Every record must appear in your copy exactly as written, with no pictures.

======== Dataset records

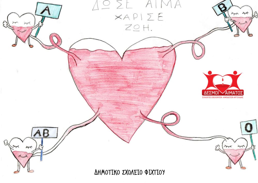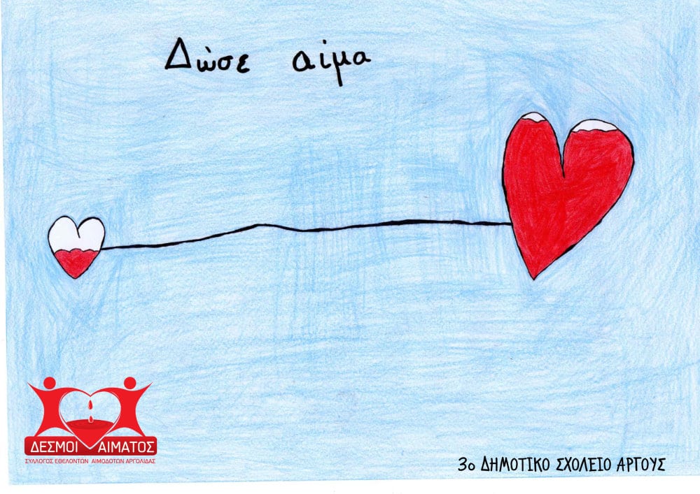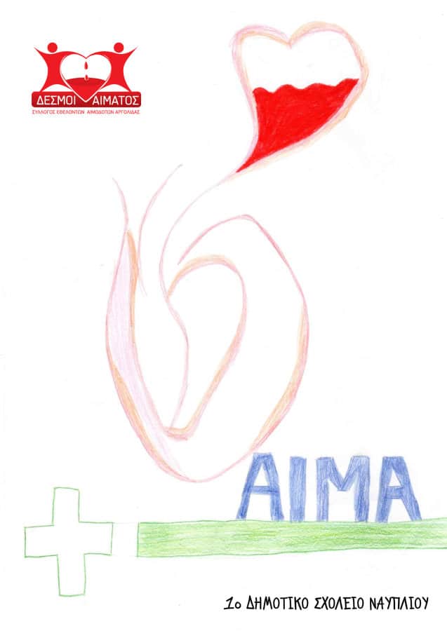Στα πλαίσια εορτασμού 10 ετών συνεχούς παρουσίας και δράσης του Συλλόγου Εθελοντών Αιμοδοτών Αργολίδας «Δεσμοί Αίματος» και του εορτασμού της Παγκόσμιας Ημέρας Εθελοντή Αιμοδότη, στις 14 Ιουνίου, διοργανώθηκε από το Σύλλογό μας, σε συνεργασία με τη Διεύθυνση Πρωτοβάθμιας Εκπαίδευσης Αργολίδας, Διαγωνισμός Ζωγραφικής με θέμα την Αιμοδοσία, για τους μαθητές των Ε΄ και ΣΤ΄ Τάξεων.
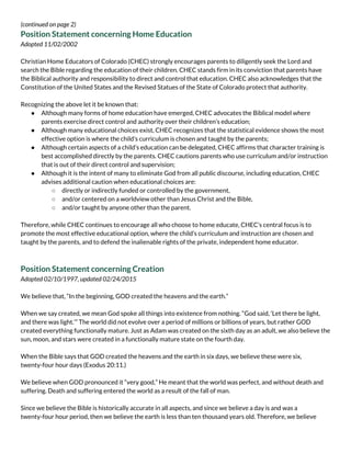 Christian Home Educators of Colorado (CHEC) envisions families honoring Jesus Christ through parent-directed, Christ-centered home discipleship free from government control. CHEC's mission is to motivate parents to disciple their children to impact the state and beyond for Christ by providing information, leadership, and resources. CHEC's doctrinal statement affirms the Bible as God's inspired word and outlines core beliefs about God, man, salvation, and other theological concepts. CHEC also advocates for the biblical model of parent-directed home education and cautions against government involvement or secular worldviews in children's education.
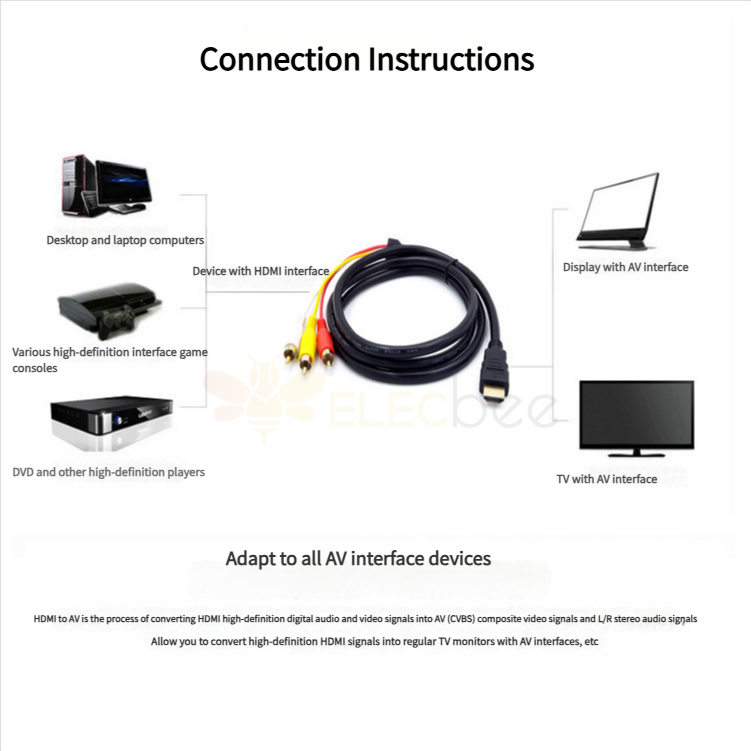 HDMI转AV线主要是用于高清播放器(自带解码器的)HDMI接口设备与AV接 口的电视相连接.
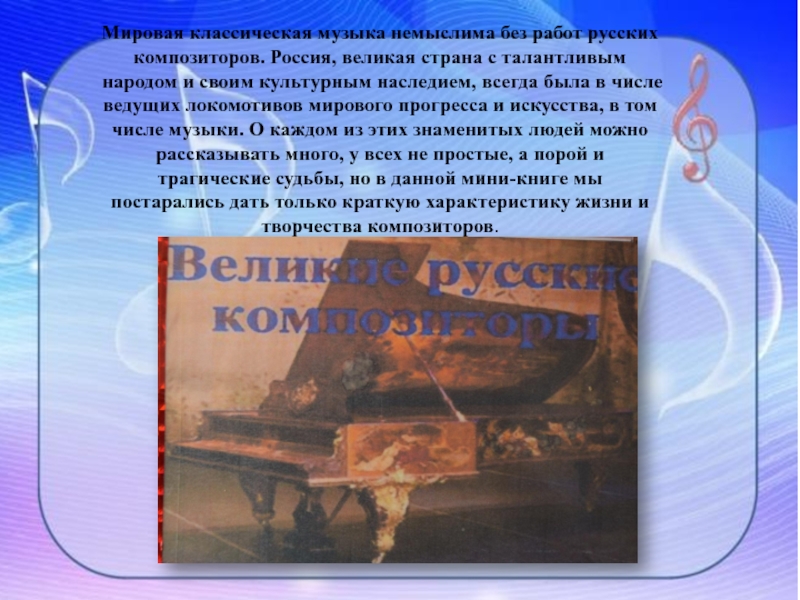 Слайд 12Мировая классическая музыка немыслима без работ русских композиторов. Россия, великая страна
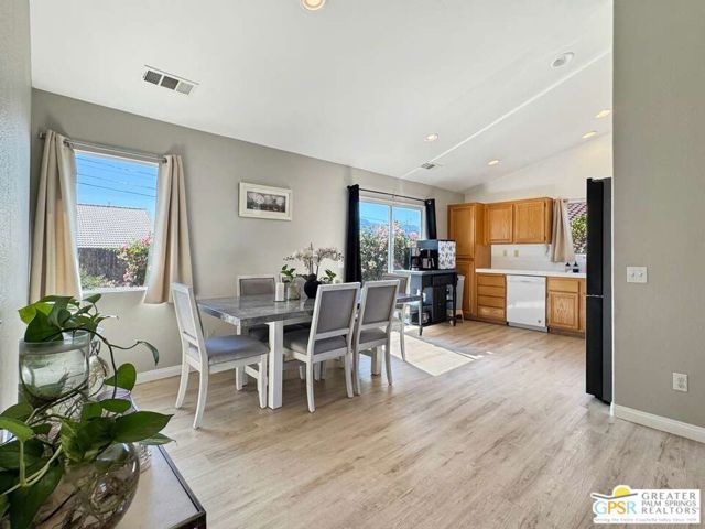 Proudly presenting a turnkey home in the highly sought-after north of Mission Lakes area of Desert Hot Springs. This updated residence features a bright floor plan with 2 bedrooms, 2 bathrooms, and a versatile den with built-in bookshelves ideal for a home office or guest space. Both front and back yards are low maintenance. An attached two-car garage with direct access adds convenience, in a quiet, family-friendly neighborhood just north of Mission Lakes Boulevard.Enjoy panoramic San Jacinto Mountain views from multiple rooms and outdoor spaces. Conveniently located near Bella Vista Elementary and Painted Hills Middle School, with Palm Springs just a short drive away for dining, shopping, and entertainment. No HOA dues offer financial flexibility and fewer restrictions. This turnkey residence is ready for immediate occupancy, with a smart layout that maximizes living space and a low-maintenance design that minimizes upkeep. The den can serve as a home office, media room, or guest suite, providing versatility and single-story living. This property represents strong value in a high-demand Desert Hot Springs market.
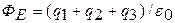 $$$ 443 Көрсетілген сурет Остроградсий-Гаусс теоремасы бойынша жазылған теңдеулердің қайсысына сәйкес келеді (q1 және q3 – оң нүктелік зарядтар, q2 –теріс нүктелік заряд; S – q1 және q2 зарядтарын қоршаған бет):
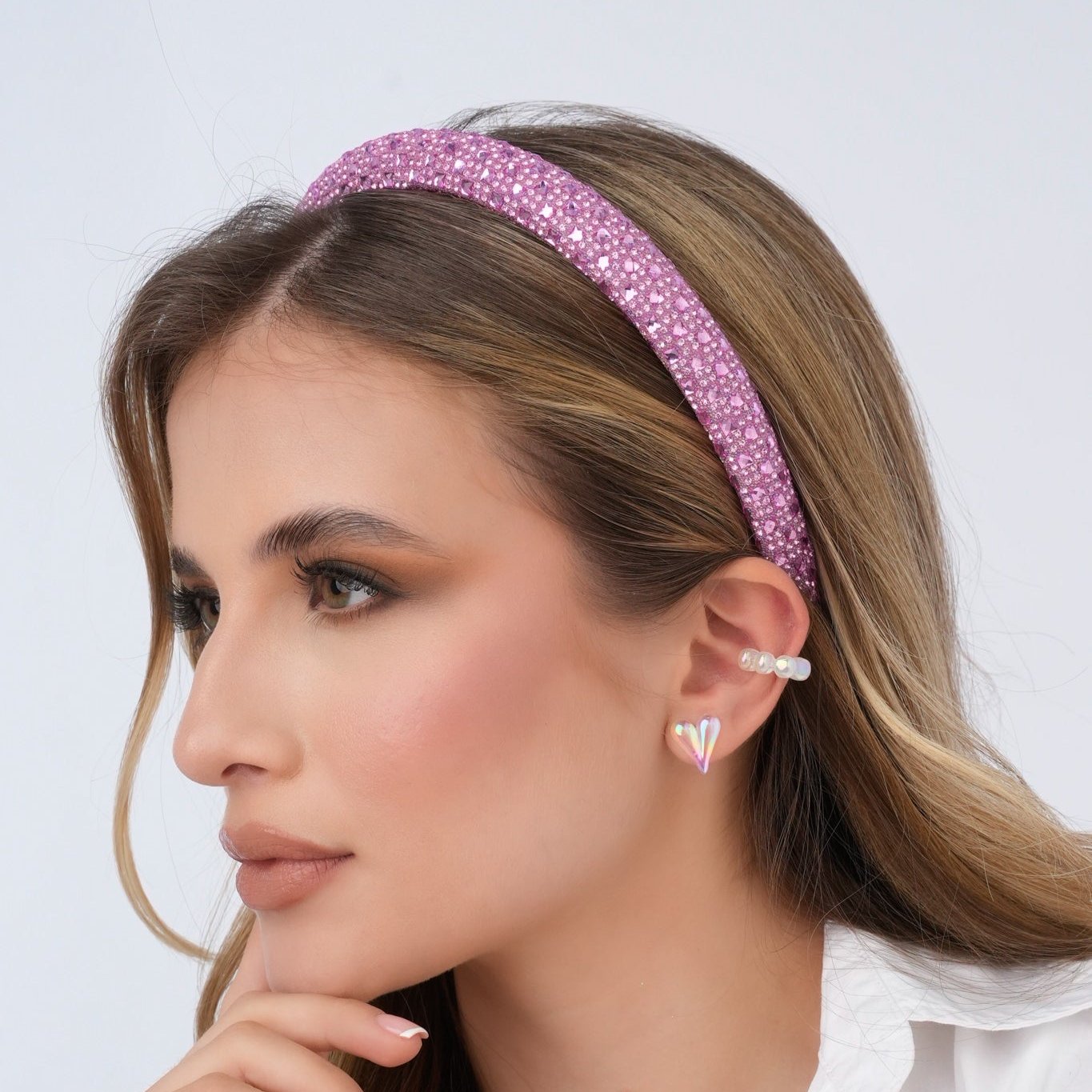 Diadema Cristales Violeta Elaborada a mano Con piedras y perlas artificiales

================

Solution for this task:
Στα πλαίσια εορτασμού 10 ετών συνεχούς παρουσίας και δράσης του Συλλόγου Εθελοντών Αιμοδοτών Αργολίδας «Δεσμοί Αίματος» και του εορτασμού της Παγκόσμιας Ημέρας Εθελοντή Αιμοδότη, στις 14 Ιουνίου, διοργανώθηκε από το Σύλλογό μας, σε συνεργασία με τη Διεύθυνση Πρωτοβάθμιας Εκπαίδευσης Αργολίδας, Διαγωνισμός Ζωγραφικής με θέμα την Αιμοδοσία, για τους μαθητές των Ε΄ και ΣΤ΄ Τάξεων.
 Christian Home Educators of Colorado (CHEC) envisions families honoring Jesus Christ through parent-directed, Christ-centered home discipleship free from government control. CHEC's mission is to motivate parents to disciple their children to impact the state and beyond for Christ by providing information, leadership, and resources. CHEC's doctrinal statement affirms the Bible as God's inspired word and outlines core beliefs about God, man, salvation, and other theological concepts. CHEC also advocates for the biblical model of parent-directed home education and cautions against government involvement or secular worldviews in children's education.
 HDMI转AV线主要是用于高清播放器(自带解码器的)HDMI接口设备与AV接 口的电视相连接.
 Слайд 12Мировая классическая музыка немыслима без работ русских композиторов. Россия, великая страна
 Proudly presenting a turnkey home in the highly sought-after north of Mission Lakes area of Desert Hot Springs. This updated residence features a bright floor plan with 2 bedrooms, 2 bathrooms, and a versatile den with built-in bookshelves ideal for a home office or guest space. Both front and back yards are low maintenance. An attached two-car garage with direct access adds convenience, in a quiet, family-friendly neighborhood just north of Mission Lakes Boulevard.Enjoy panoramic San Jacinto Mountain views from multiple rooms and outdoor spaces. Conveniently located near Bella Vista Elementary and Painted Hills Middle School, with Palm Springs just a short drive away for dining, shopping, and entertainment. No HOA dues offer financial flexibility and fewer restrictions. This turnkey residence is ready for immediate occupancy, with a smart layout that maximizes living space and a low-maintenance design that minimizes upkeep. The den can serve as a home office, media room, or guest suite, providing versatility and single-story living. This property represents strong value in a high-demand Desert Hot Springs market.
 $$$ 443 Көрсетілген сурет Остроградсий-Гаусс теоремасы бойынша жазылған теңдеулердің қайсысына сәйкес келеді (q1 және q3 – оң нүктелік зарядтар, q2 –теріс нүктелік заряд; S – q1 және q2 зарядтарын қоршаған бет):
 Diadema Cristales Violeta Elaborada a mano Con piedras y perlas artificiales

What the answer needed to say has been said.